■ Task prompt: What is needed is an exact repetition of the lines below, from the first one through the one holding "A variety of", with no pictures and nothing else.

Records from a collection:
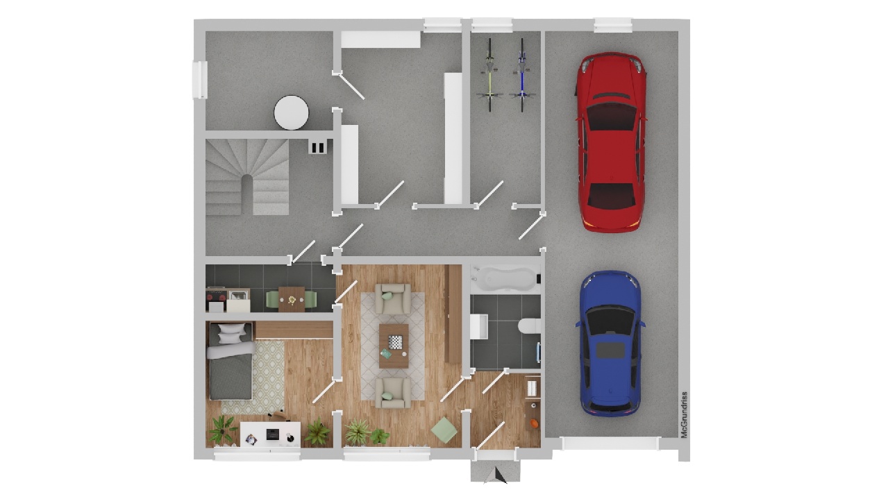 -Doppelgarage über die gesamte Tiefe des Hauses, 2 PKW hintereinander,
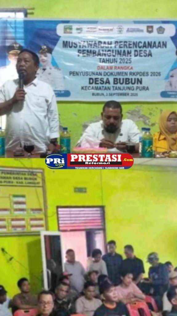 Langkat,PRESTASIREFORMASI.com – Desa Bubun, Kecamatan Tanjung Pura – Kabupaten Langkat berhasil melakukan Musyawarah Perencanaan Pembangunan (Musrenbang) Desa untuk tahun 2025 pada Rabu (03/09/2025) yang di laksanakan di Aula Kantor Desa Bubun, Musrenbang ini dengan Tema prioritas pembangunan yang berfokus pada infrastruktur dan pemberdayaan ekonomi masyarakat.
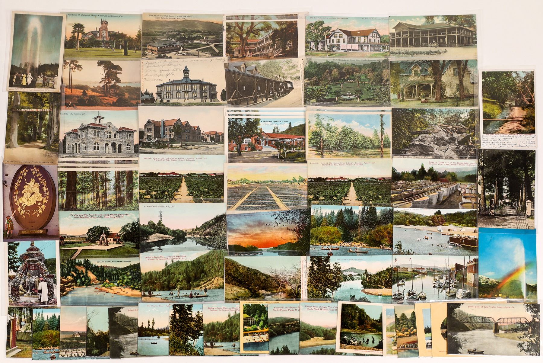 A variety of color postcards with scenes of Sonoma County, California, including multiple recreational locations along the Russian River; some of the vineyards and wineries in the area; The Boulders of Cazadero and the Armstrong Woods of Guerneville; the Old Faithful Geyser of Calistoga; the California Home for the Feeble Minded in Eldridge; the California Pythian Home near Santa Rosa; residence of General Vallejo; the [then] New City Hall; Fitch Mountain Tavern; Petaluma High School; Burke's Sanatorium near Santa Rosa; the Club House at McCray's; Fetter's Hot Springs; and Buena Vista Castle.
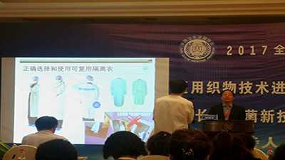 2017年8月29日下午,在會議中的學(xué)術(shù)討論環(huán)節(jié),胡國慶教授進(jìn)行了名為《醫(yī)用織物使用管理和技術(shù)進(jìn)展》的主題演講。演講中,胡教授主要從醫(yī)護(hù)工作服、手術(shù)衣和鋪單、隔離衣、醫(yī)院床上用品、紡織品包裝材料、抹布和地巾的使用管理和醫(yī)用織物清洗消毒和技術(shù)進(jìn)展等七個方面進(jìn)行講解。
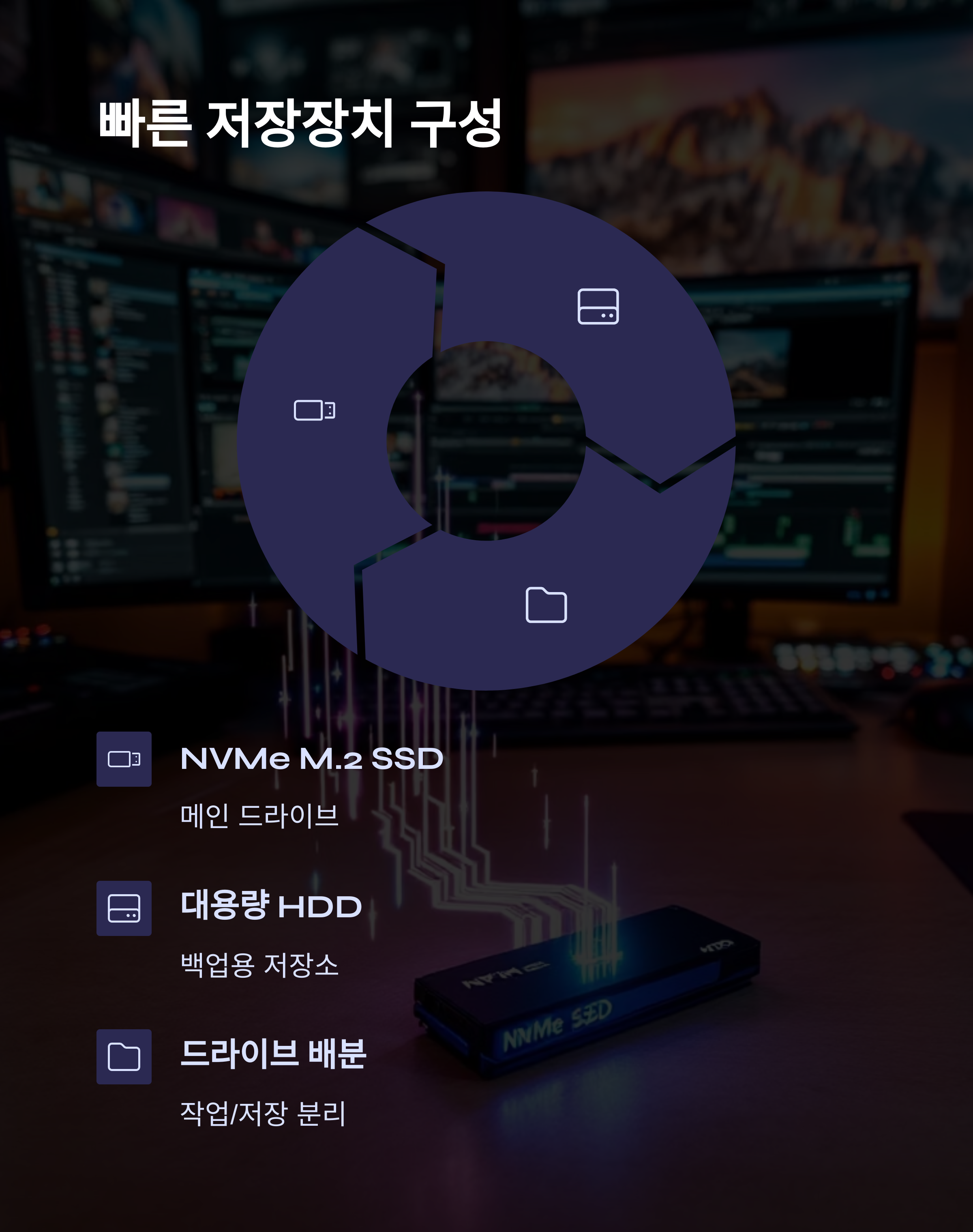 그래서 NVMe M.2 SSD를 메인 드라이브로 사용했고,
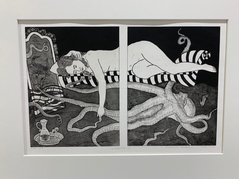 Τα ασπρόμαυρα σχέδια της Σταυρούλα Σακκά συνομιλούν κατά πρόσωπο με τον Aubrey Beardsley, ψάχνοντας την έμφυλη ταυτότητα μέσα από αρχέγονους μύθους πάνω σε μία άχρονη σκακιέρα. Η γυναίκα, ο ταύρος, το χταπόδι , αντανακλώνται στον καθρέπτη, και δημιουργούν δύο αφηγήσεις που μοιάζουν να εξηγούν και ταυτόχρονα να αντιστρέφουν τη Φρούδική λιβιδινική θεωρία.
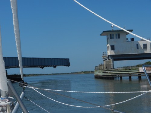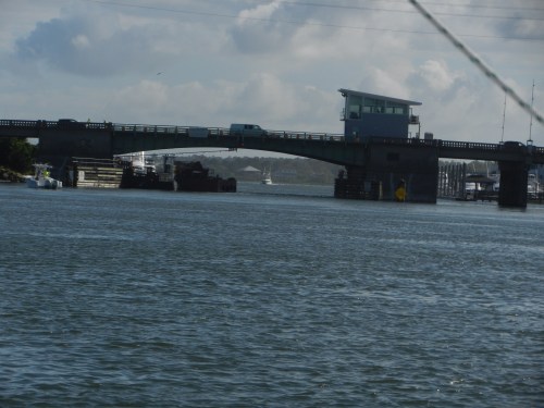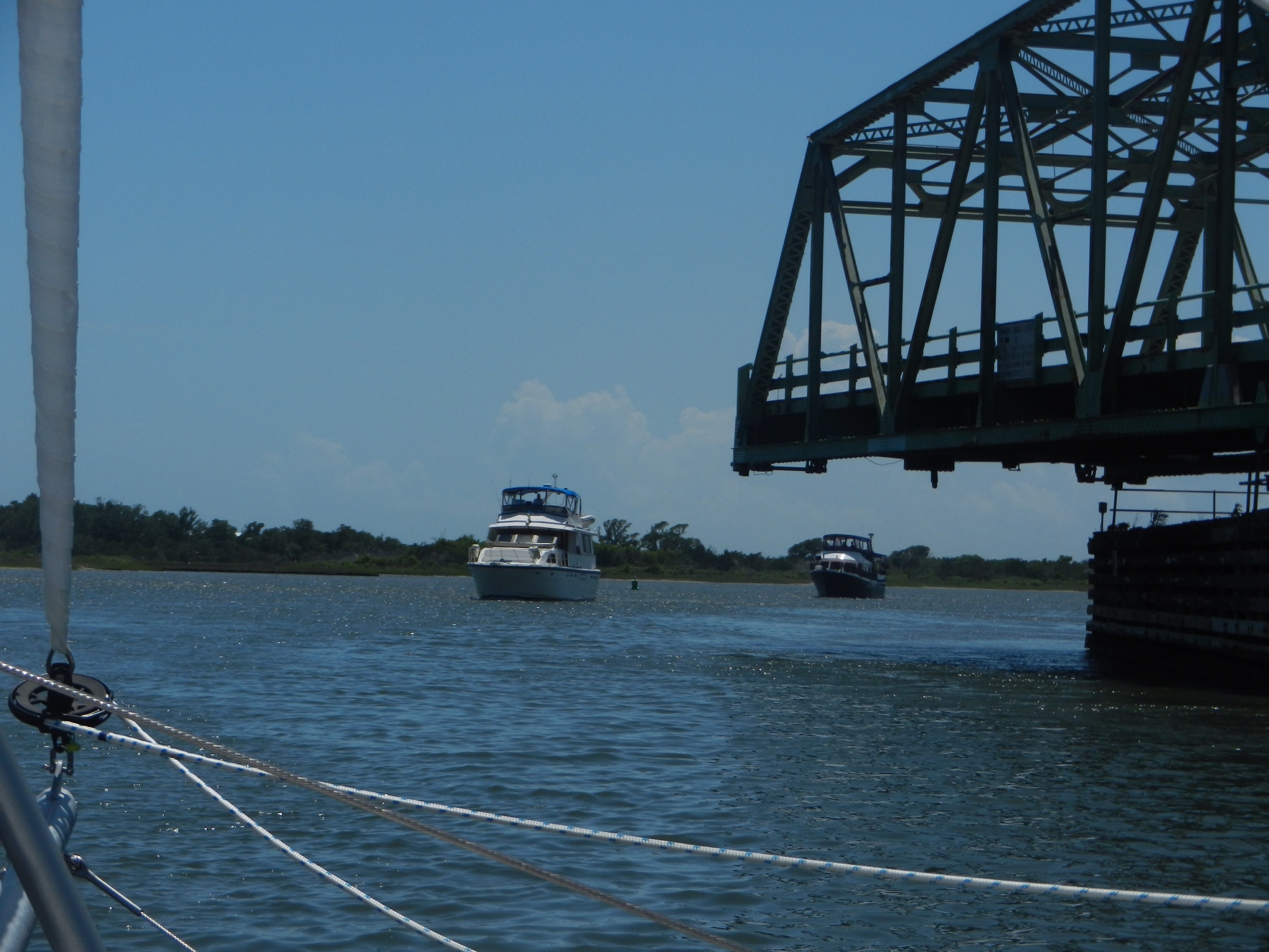 We picked up the pace with our engines hoping to make the 2 p.m. opening of the Surf City Bridge, another swing bridge.
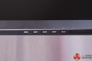 As for connectivity, we find a total of three video inputs – one DisplayPort 1.4, and then two HDMI 2.1, so there’s no issues getting the full refresh rate on any of those ports. Then there’s also a small two-port USB hub, but that’s it – so no USB-C or KVM functionality, which is a slight shame but it’s not really a surprise given the price point.
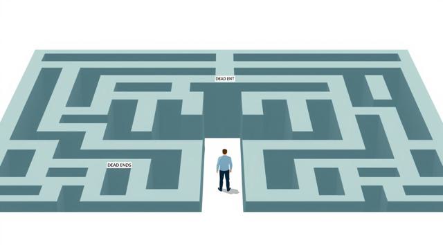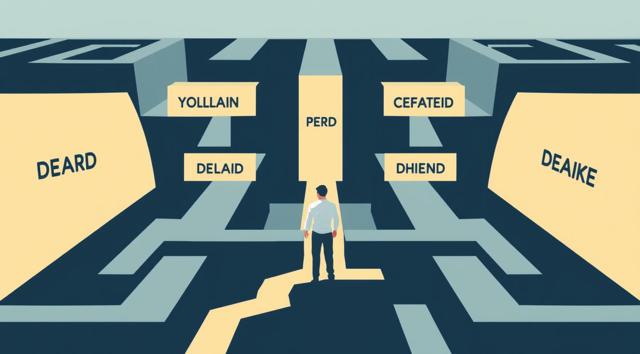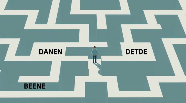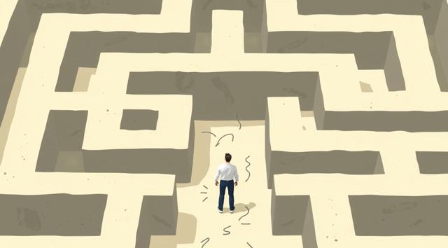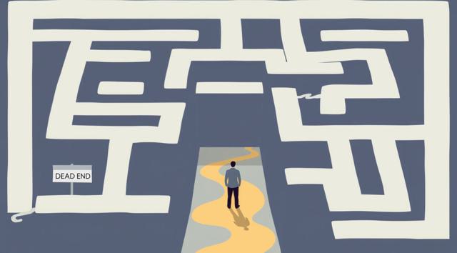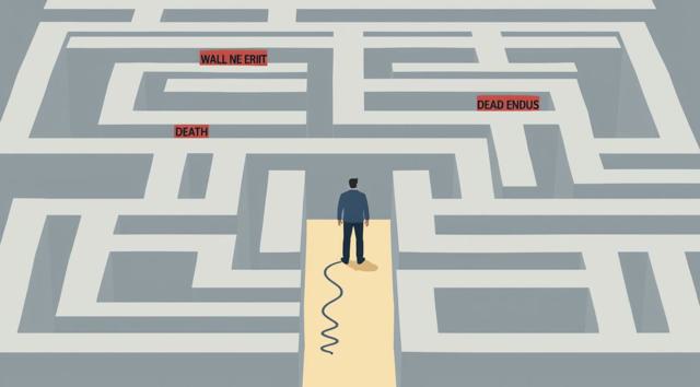 Стилизованный лабиринт, где 7 тупиков, куда можно будет вставить слова . В центре — человек, который начинает прокладывать новый путь к выходу.. Стиль: минимализм, плоская графика или полуреализм.
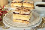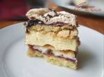 PANI WALEWSKA / PYCHOTKA 423Ciasto kuszące słodyczą przełamane kwaskowym dżemem z czarnej porzeczki, który nadaje ciastu niepowtarzalny smak. Z delikatną bezą posypaną płatkami migdałowymi. ki (forma35x20 cm) Ciasto
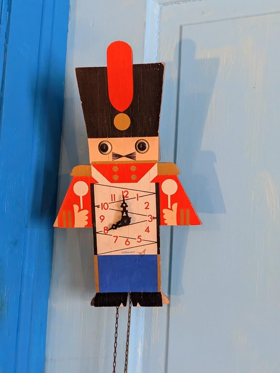 Vtg German Toy Soldier Rolling Eyes Novelty Wall Clock, no weights
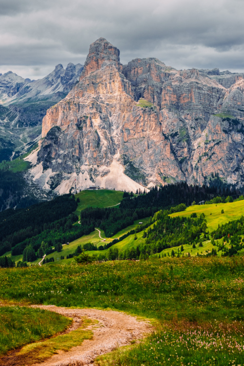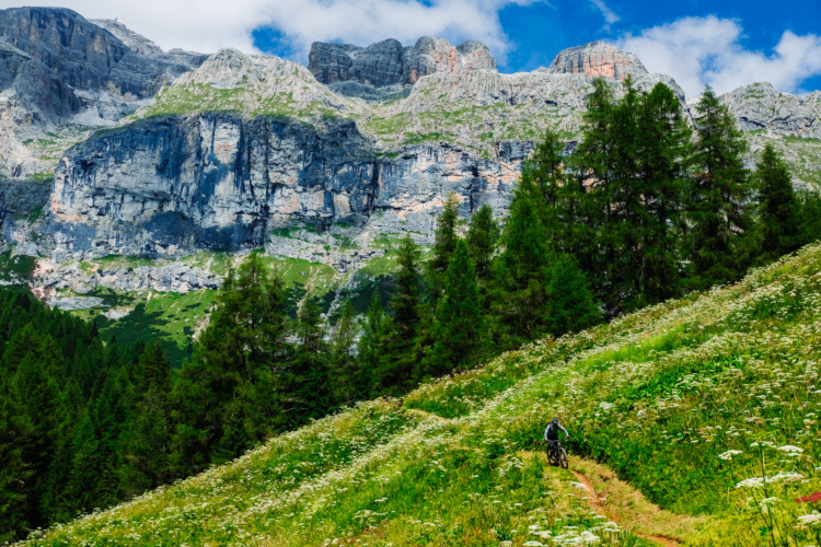 The Sellaronda MTB Loop is a 36-mile Dolomites highlight reel with an emphasis on iconic descents rather than lung-busting climbs—chairlifts do most of the work. This epic loop connects many of the region's best trails, from mellow flow trails to raw, root-strewn tracks that put Enduro World Series competitors to the test. Infinity, a three-mile, 2,300-foot descent from Passo Pordoi, alternates fast alpine chunder with steep banking turns before the trail enters a dense canopy of pines with suspension-sapping roots. On the east side of the loop, Flè (which means "flow" in the local Ladin language) traces long, loping curves through alpine meadows. Meanwhile, the Paravis and Easy Jump Trail at Selva di Val Gardena unspool like typical bermed bike park trails, only with the distraction of the Dolomites towering in every direction.
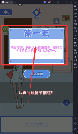 3、玩家通過幫助主角找到合適道具解決宅家難題,如尋找丟失的鑰匙、匹配正確的餐具等趣味挑戰(zhàn),增強(qiáng)游戲代入感。
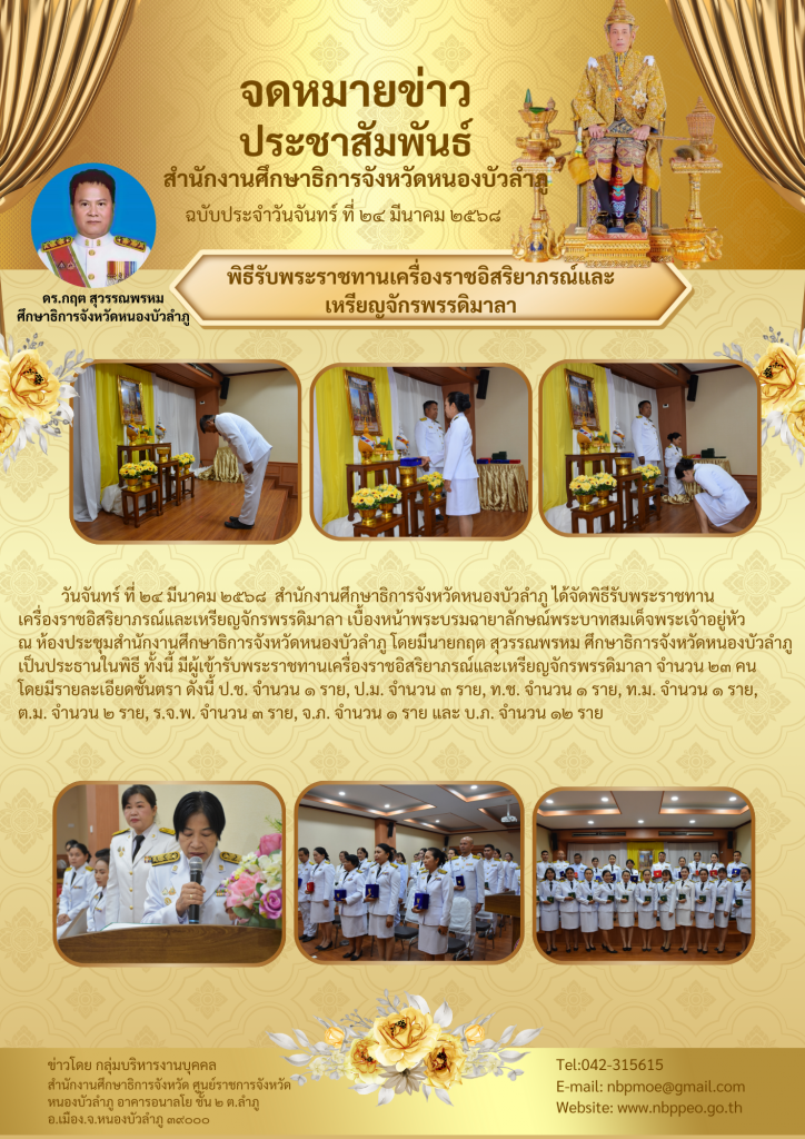 ประกาศรายชื่อผู้ได้รับคัดเลือกเป็นบุคลากรดีเด่น “ครูดี ศรีชุมชน คนลุ่มภู” ประจำปีงบประมาณ พ.ศ. 2568 ของจังหวัดหนองบัวลำภู
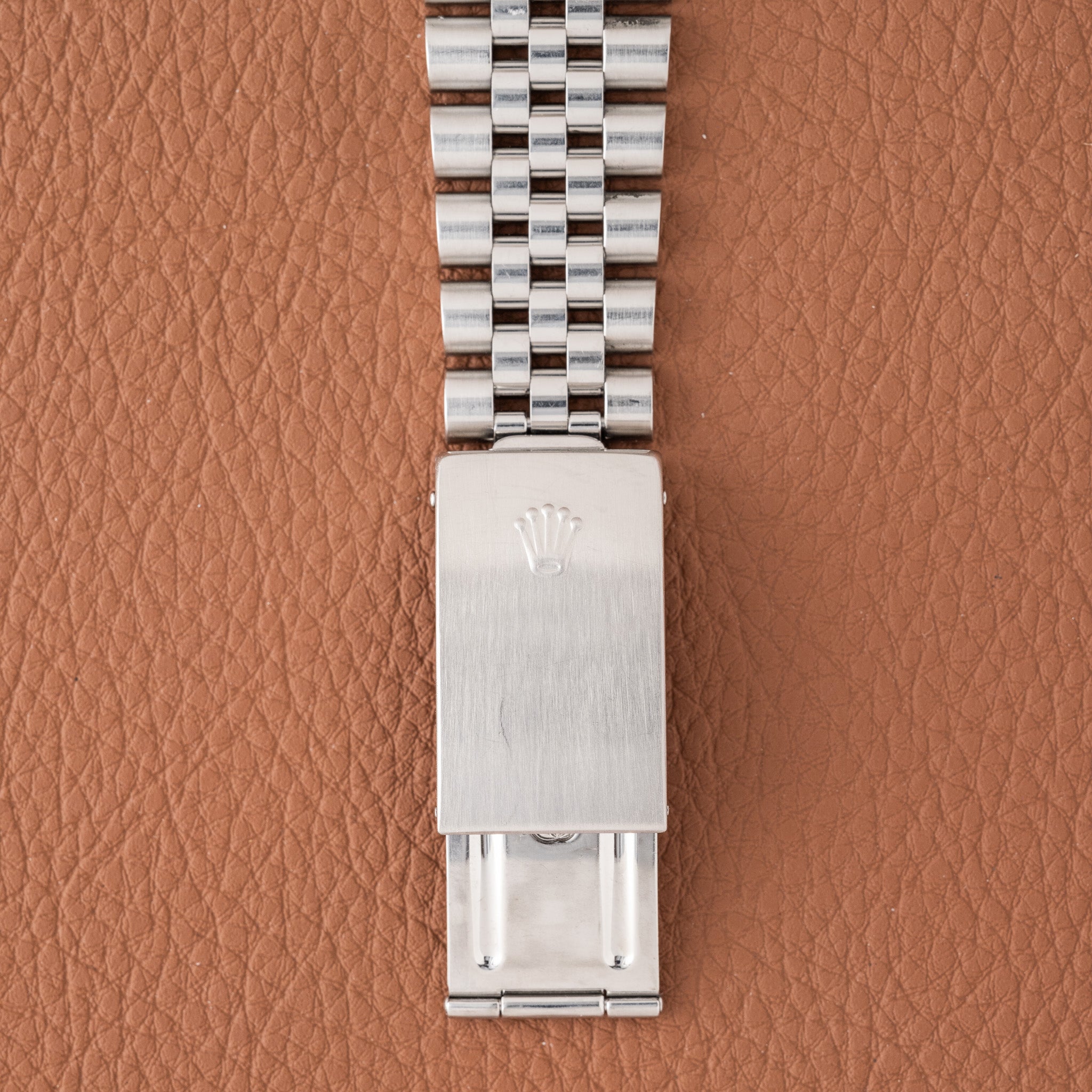 The blue stick dial on this example is an especially appealing configuration, known for its clarity and sharp contrast under different lighting conditions. The dial is all original and in perfect condition. This watch retains its original sapphire crystal with the Rolex laser-etched coronet at six o’clock, a detail introduced around this period. The Jubilee bracelet and white gold fluted bezel complete the design that many consider the definitive Datejust look.

■ Response to the task:
 -Doppelgarage über die gesamte Tiefe des Hauses, 2 PKW hintereinander,
 Langkat,PRESTASIREFORMASI.com – Desa Bubun, Kecamatan Tanjung Pura – Kabupaten Langkat berhasil melakukan Musyawarah Perencanaan Pembangunan (Musrenbang) Desa untuk tahun 2025 pada Rabu (03/09/2025) yang di laksanakan di Aula Kantor Desa Bubun, Musrenbang ini dengan Tema prioritas pembangunan yang berfokus pada infrastruktur dan pemberdayaan ekonomi masyarakat.
 A variety of color postcards with scenes of Sonoma County, California, including multiple recreational locations along the Russian River; some of the vineyards and wineries in the area; The Boulders of Cazadero and the Armstrong Woods of Guerneville; the Old Faithful Geyser of Calistoga; the California Home for the Feeble Minded in Eldridge; the California Pythian Home near Santa Rosa; residence of General Vallejo; the [then] New City Hall; Fitch Mountain Tavern; Petaluma High School; Burke's Sanatorium near Santa Rosa; the Club House at McCray's; Fetter's Hot Springs; and Buena Vista Castle.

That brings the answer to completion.